**What is needed**.
Your reply should contain nothing except the lines from the one with "Серия СКД3: стол" through the end of the listing below, reproduced exactly and stripped of pictures.

**Data block**.
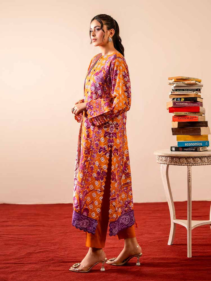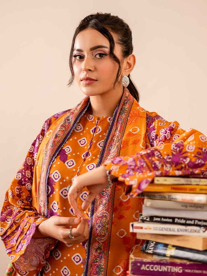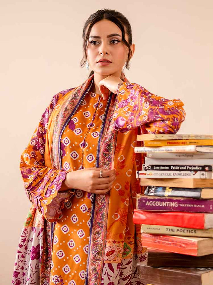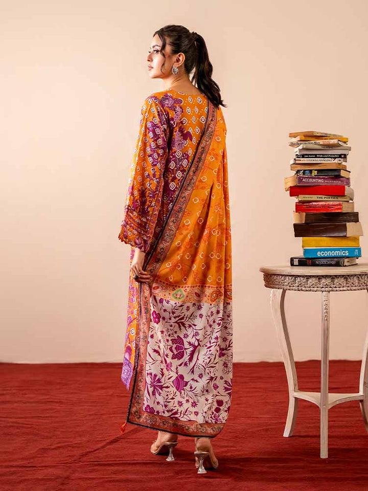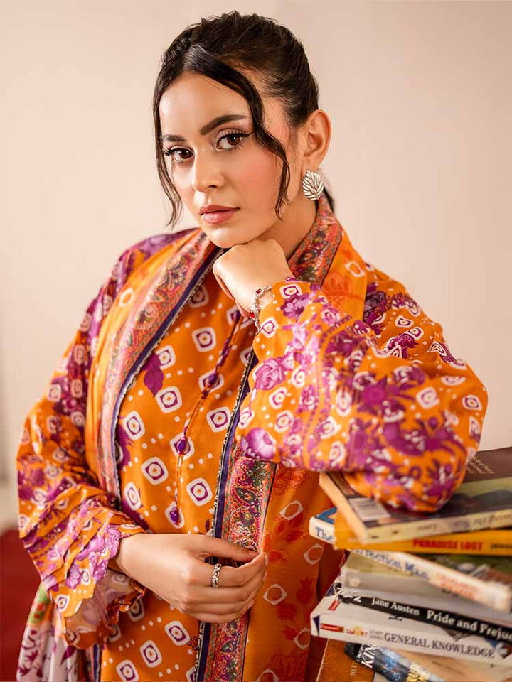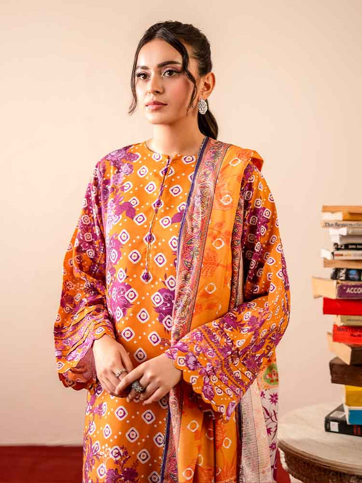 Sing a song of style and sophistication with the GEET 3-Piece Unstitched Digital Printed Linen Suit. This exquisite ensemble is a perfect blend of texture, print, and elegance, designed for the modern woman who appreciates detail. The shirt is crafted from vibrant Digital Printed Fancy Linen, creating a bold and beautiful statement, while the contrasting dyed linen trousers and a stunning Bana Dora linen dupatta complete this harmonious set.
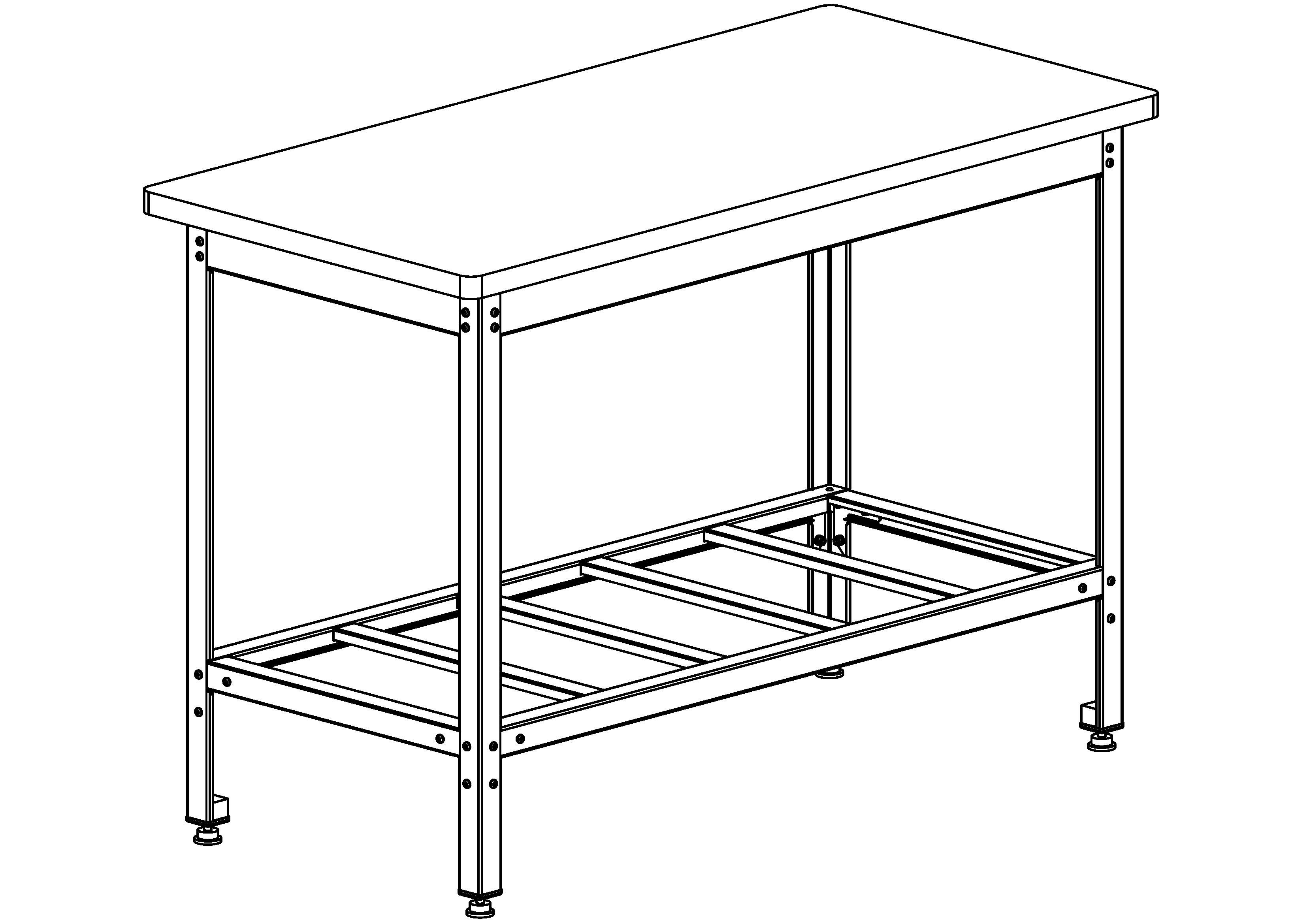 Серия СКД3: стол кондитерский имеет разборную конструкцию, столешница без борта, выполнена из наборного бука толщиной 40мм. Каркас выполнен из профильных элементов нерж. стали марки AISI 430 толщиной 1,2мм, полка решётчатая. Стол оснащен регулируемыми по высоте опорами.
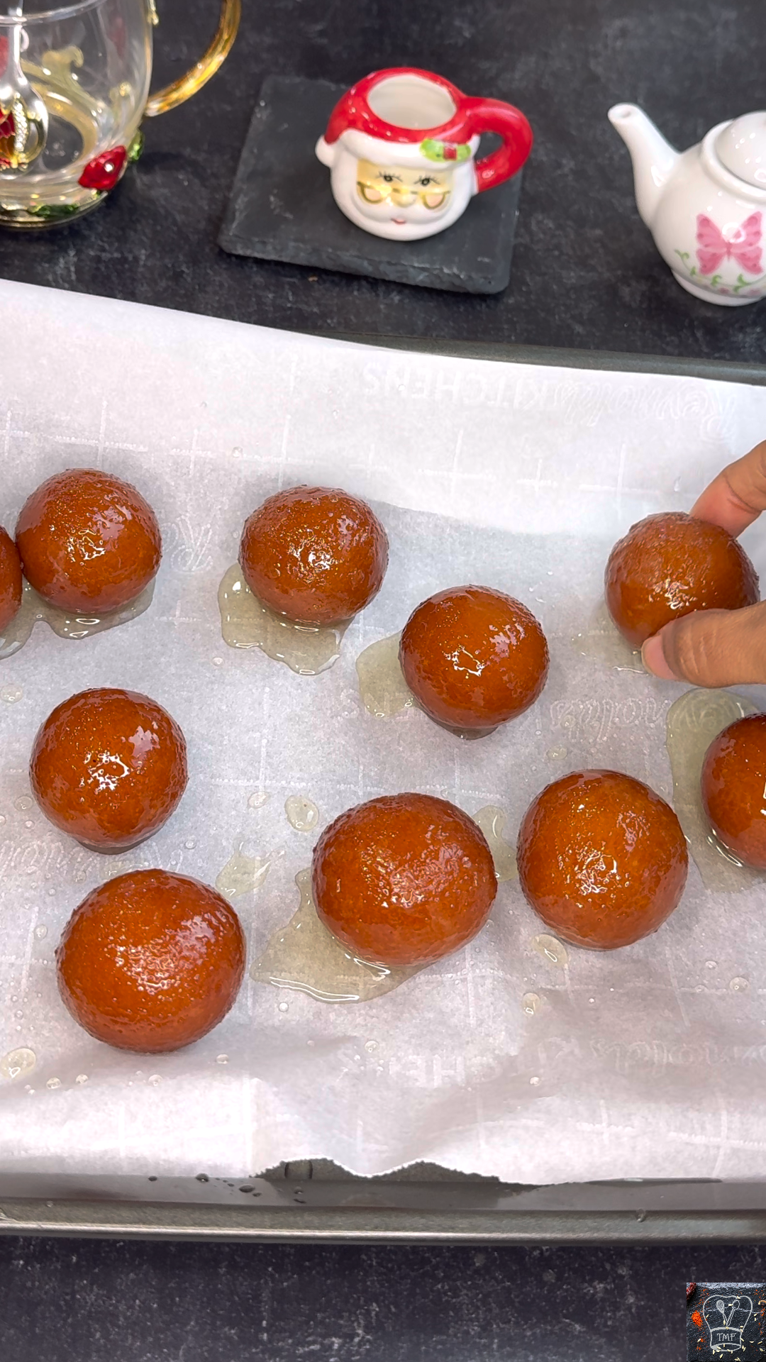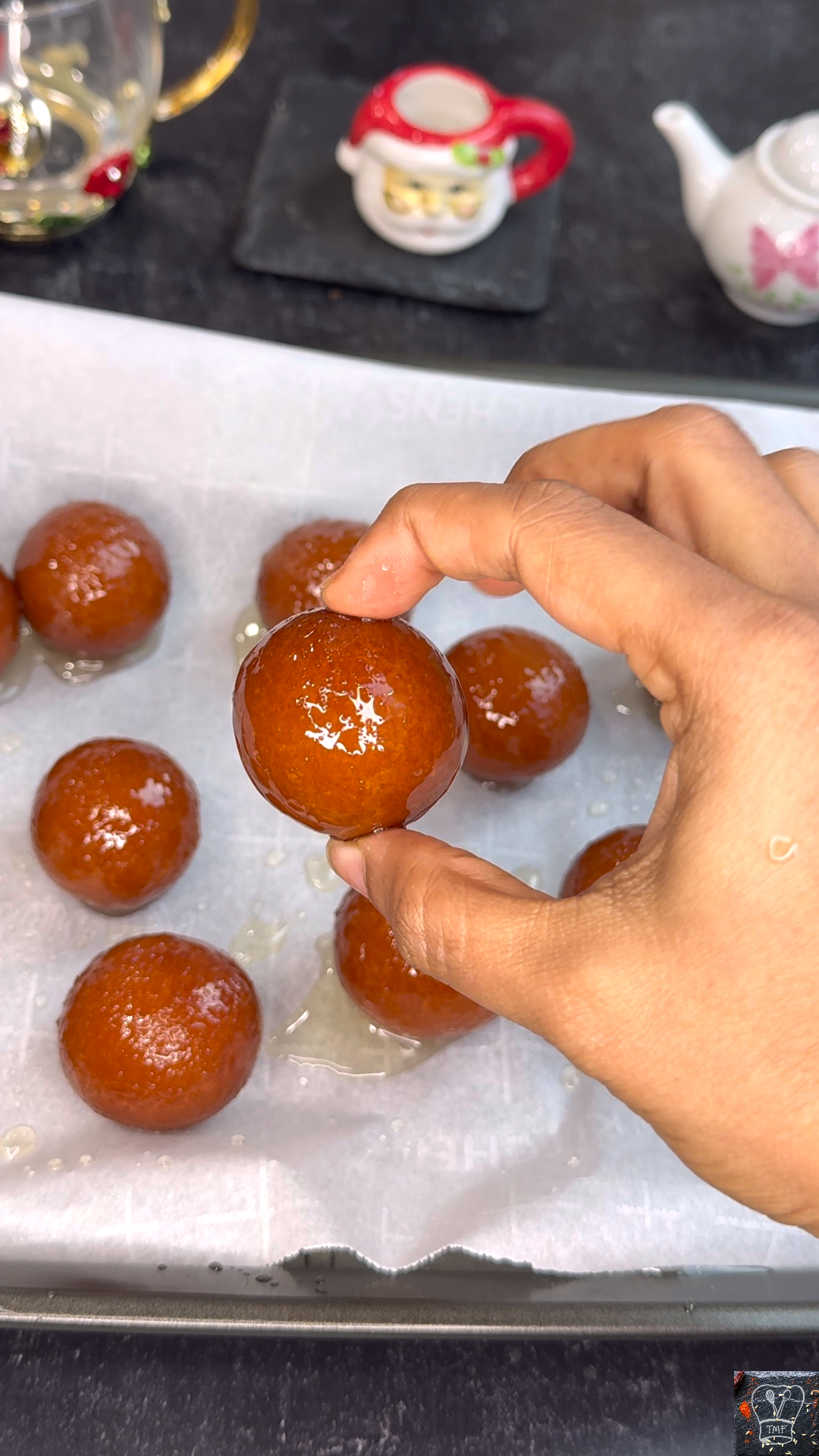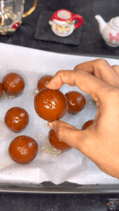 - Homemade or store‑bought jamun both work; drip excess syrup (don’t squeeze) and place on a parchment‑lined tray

**Solution to the exercise**.
 Серия СКД3: стол кондитерский имеет разборную конструкцию, столешница без борта, выполнена из наборного бука толщиной 40мм. Каркас выполнен из профильных элементов нерж. стали марки AISI 430 толщиной 1,2мм, полка решётчатая. Стол оснащен регулируемыми по высоте опорами.
 - Homemade or store‑bought jamun both work; drip excess syrup (don’t squeeze) and place on a parchment‑lined tray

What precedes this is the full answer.